Features Published 15 June 2016

Theatre Jargon

"The ability to write a good essay does not reflect the ability to make exceptional art." Producer and director Poppy Burton-Morgan explains how the UK's arts funding system is weighted towards people who, like her, have learnt the right jargon to tick the right boxes.
Poppy Burton-Morgan
Dictionaries, via Wikimedia Commons. Credit: Alborzagros

Dictionaries, via Wikimedia Commons. Credit: Alborzagros

Recently in The Stage and on Twitter there has been much discussion about the role of technical theatre jargon, with various camps arguing for the necessity of technical language, and others arguing that jargon can be both alienating and unclear. But it isn’t only the technical side of theatre that has its own lingo. Having worked for a decade as a director, and sometime producer, across a range of scales and artforms within British Theatre it’s fascinating to observe the different language used to describe theatre and how those word choices can define you within the theatrical ecology of our diverse sector (I am one of that tiny group of people who use the phrase ‘theatrical ecology’).

Look at how we talk about a piece of theatre – within musical theatre or dance it’s ‘the show’, within the artier/subsidised/devised end of the sector it’s ‘the work’ or ‘the piece’, within commercial theatre it’s ‘the product’ and for everyone else it’s ‘the production’. Depending on who I’m talking to I can describe a piece of work as all these things. And I’m very conscious, when I do so, of how the use of that specific word conditions a hearer’s expectations as to what the work/show/production/product is and where it sits.
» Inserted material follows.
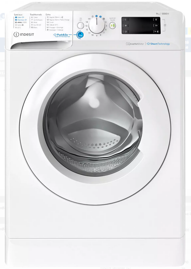 Programmes spéciaux Push&Go avec vapeur, Coton + vapeur, Chemises + vapeur, Ariel Pods, 20°C, Blanc
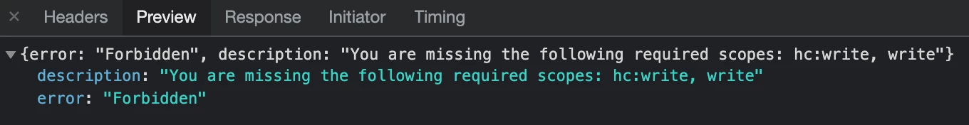 When opening our integrated Web Widget and clicking to expand a Help Center article, in the console we get a 403 error with the following message: "You are missing the following required scopes: hc:write, write"

People rarely use backstage jargon to intentionally alienate those not in the know, but when you’re just starting out in the industry it can feel intimidating – the only way through this is to swallow your pride/ego and simply ask what things mean. But the jargon used within fundraising or ‘development’ can be more problematic. Like many other freelance Director/Producers I have found myself quickly learning this language in order to keep my own theatre company Metta Theatre going, and growing. Our decade long journey from fringe to mid-scale has been possible because of my ability to successfully fundraise – by learning the right words to tick the right boxes. This is an acquired skill, and while I am hugely grateful for the continued support that we receive from funders, I grow ever more conscious that my success in that is predicated on a model that is deeply unfair if you don’t have that facility with language. I went to a very average, bog standard comprehensive, nothing special there. But I followed that by reading Politics, Philosophy and Economics at Oxford University – perhaps the best degree possible to prepare you for the linguistic and analytical challenges of writing funding applications.

No degree will teach you how to get Arts Council funding, but it will furnish you with the confidence to have a go in the first place, and with the tools to frame your application as a logically argued and coherent thesis. Ultimately almost every funding application amounts to an essay – often of several thousand words – arguing the case for your project to receive funding. But the ability to write a good essay does not reflect the ability to make exceptional art.

All major funders – both statutory (ie government funds like the Arts Council and local councils) and Trusts & Foundations – are heavily committed to access and diversity but the requirements of funding applications belie this. Successfully completing them means learning the terms which funders want to hear – such as ‘legacy’ (what happens after the project is over), the ‘narrative of your work/company’ (how it all connects, how you got from ‘A’ to ‘B’, and how this will take you to ‘C’). This is a struggle in itself. And it’s still harder for artists affected by dyslexia, or people without humanities degrees. Many funders provide extensive guidance notes, but these in themselves are another onslaught of words, pages and pages and pages of words.

Why not send all these artists off to work with producers or professional fundraisers? That would be fine, in an economic climate with ample resources. But not when there is barely enough funding to make the work in the first place. Artists end up paying well over the odds for the service, and taking away from the art itself. Besides which, many producers are reluctant to come on board projects until the funding is confirmed.

Shared words, private jokes – this is where theatre speak, or any industry jargon, can feel like a great unifying force. We’re all theatre-folk, we all know what we mean when we say ‘get-in’ and ‘the half’. But until you’ve learned that language, while you’re still on the outside of the joke, it can be a very lonely place. More and more organisations are getting serious about ensuring the right voices are being heard. But we need to make sure the channels to funding allow for that. There are so many artists out there with something unique and powerful to say, but there are language barriers preventing them from saying it. And these structural barriers are built into the way fundraising in this country works.

Language can set us free and the ability to articulate oneself is a fundamental part of achieving success in any sector, but for a lot of people words, especially the written word, can be both intimidating and alienating. Some funders are beginning to address this by offering the opportunity to reply either in words or through video – the difference between the written word and the spoken word, or imagery/movement/music being crucial. Hopefully those systems and structures will continue to change, and become more accessible. In the mean time let’s make sure that those of us who know the magic words are passing them on, and clarifying their obscure meanings to those who don’t.